Linea Resourcing - STEM Recruiter Recruiting Team

StudySmarter Expert Advice 🤫

We think this is how you could land Quality Engineer

✨Tip Number 1

Familiarize yourself with the specific regulations and standards mentioned in the job description, such as ISO 13485 and FDA regulations. This knowledge will not only help you during the interview but also demonstrate your commitment to quality systems.

✨Tip Number 2

Prepare examples from your previous experience where you successfully managed CAPA activities or conducted audits. Being able to discuss real-life scenarios will showcase your expertise and problem-solving skills.

✨Tip Number 3

Network with professionals in the medical device or pharmaceutical industry.
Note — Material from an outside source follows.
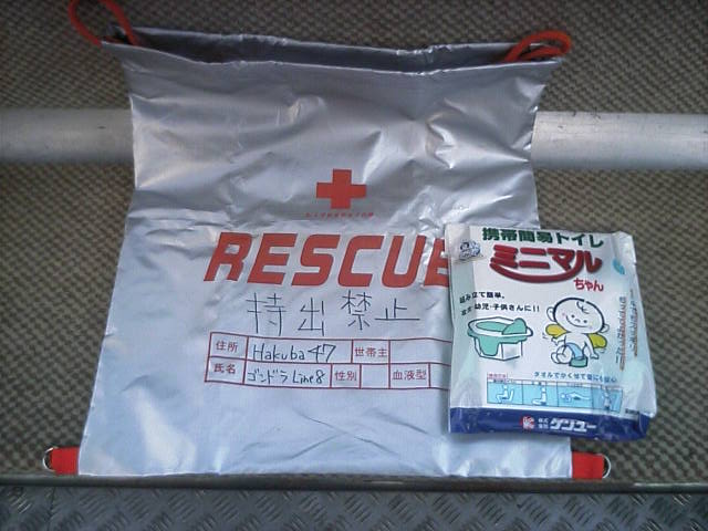 何気なく座席の下を見ると画像の物を発見。思わず引張り出して撮影(笑)今まで気付かなかっただけで、他のゴンドラにも有ったのだろうか?まあ11時間も閉じ込められたりしたら必需品でしょうな。備えあれば憂いなし。この後47へ戻ったら47のゴンドラもペアリフトと同じ速度で減速運転してました。

Engaging with others in your field can provide valuable insights and potentially lead to referrals for the Quality Engineer position.

✨Tip Number 4

Research the company’s products and their impact on the market. Understanding their business model and how quality systems contribute to their success will allow you to tailor your responses during the interview.

We think you need these skills to ace Quality Engineer

Quality Management Systems (QMS)
CAPA Management
Internal and External Audits
ISO 13485 Knowledge
MDD Regulations
FDA Regulations
Non-Conformance Reports (NCRs)
Engineering Change Notices (ECNs)
Engineering Change Requests (ECRs)
Regulatory Compliance
Documentation Management
Training and Guidance
Process Improvement
Attention to Detail
Analytical Skills

Some tips for your application 🫡

Understand the Role: Take the time to thoroughly read the job description for the Quality Engineer position. Make sure you understand the key responsibilities and required qualifications, especially regarding QMS systems and regulatory standards.
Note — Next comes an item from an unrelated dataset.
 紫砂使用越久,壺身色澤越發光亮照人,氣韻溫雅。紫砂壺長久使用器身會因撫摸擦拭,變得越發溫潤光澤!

Tailor Your CV: Customize your CV to highlight your relevant experience in managing QMS systems, particularly in medical device or pharmaceutical settings. Emphasize your familiarity with ISO 13485, MDD, and FDA regulations.

Craft a Compelling Cover Letter: Write a cover letter that connects your past experiences with the specific requirements of the role. Mention your experience with CAPA activities, internal audits, and how you can contribute to the company's quality performance.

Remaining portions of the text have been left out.